For written language yes, spoken it doesn't really matter as people will cut you a lot of slack.

In Spain there was a football comentator from England, Michael Robinson. Robinson had an obvious English accent and even though his Spanish was very very good, but he still he messed some things -including genre- and nobdy cared. He was a comentator for many years and people liked him a lot.

In the US you have other examples of the same things. For instance I can think of Sofia Vergara and Charo to name the first that come to my mind. Both quite popular and I can spot their accent and some mistakes instantly and I'm not even a native speaker.

Also I mess gender a lot myself when I speak English and people don't seem to care.

2 comments

It really does matter for spoken language as much as for written. Yes people will be able to understand meaning most of the time, but no, you will sound as bad as if we're writing.

It is one thing if you mix up gender occasionally. It is entirely different if you just don't care and get it wrong often. And entirely different if you do it as part of shtick intentionally mixing it in specific way.

Accent and ignoring genders or suffixes are different things. You really can't equate them.

Note that if you're coming from a non-gendered language you'll mess it up frequently even if you care. There's a reason Chinese people are notorious for getting gender wrong!
You will mess it up even if coming from other gendered language, because the genders will he different.

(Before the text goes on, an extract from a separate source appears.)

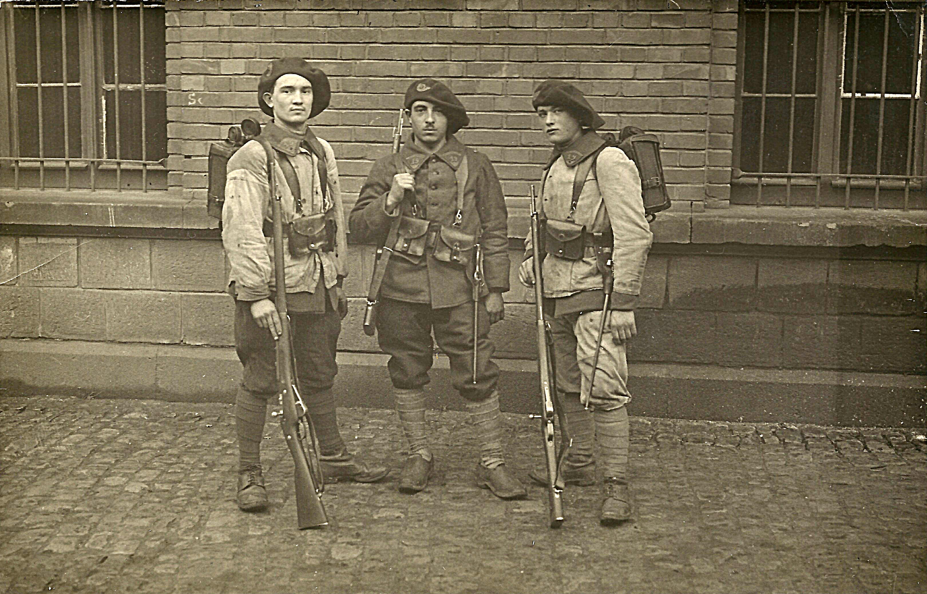 Photo informelle du trio de jeunes militaires dont un fait probablement partie d'un des familles Guiraud/Devèze ou Bax/Brunel.

But it is one of things you do end up memorizing the same way you memorize the word itself or its conjugations. It just does not make sense to go "I don't care about this stuff and won't learn it" and then demand language app will accommodate your refusal to learn gender.

In the case of Charo and Sofia Vergara, the accent and grammar mistakes are a cultivated part of the brand.
Arnold Schwarzenegger has a dialect coach: his Austrian German accent has faded through years of living in the US, but it’s what his audience expects so he trains himself in it before each new movie.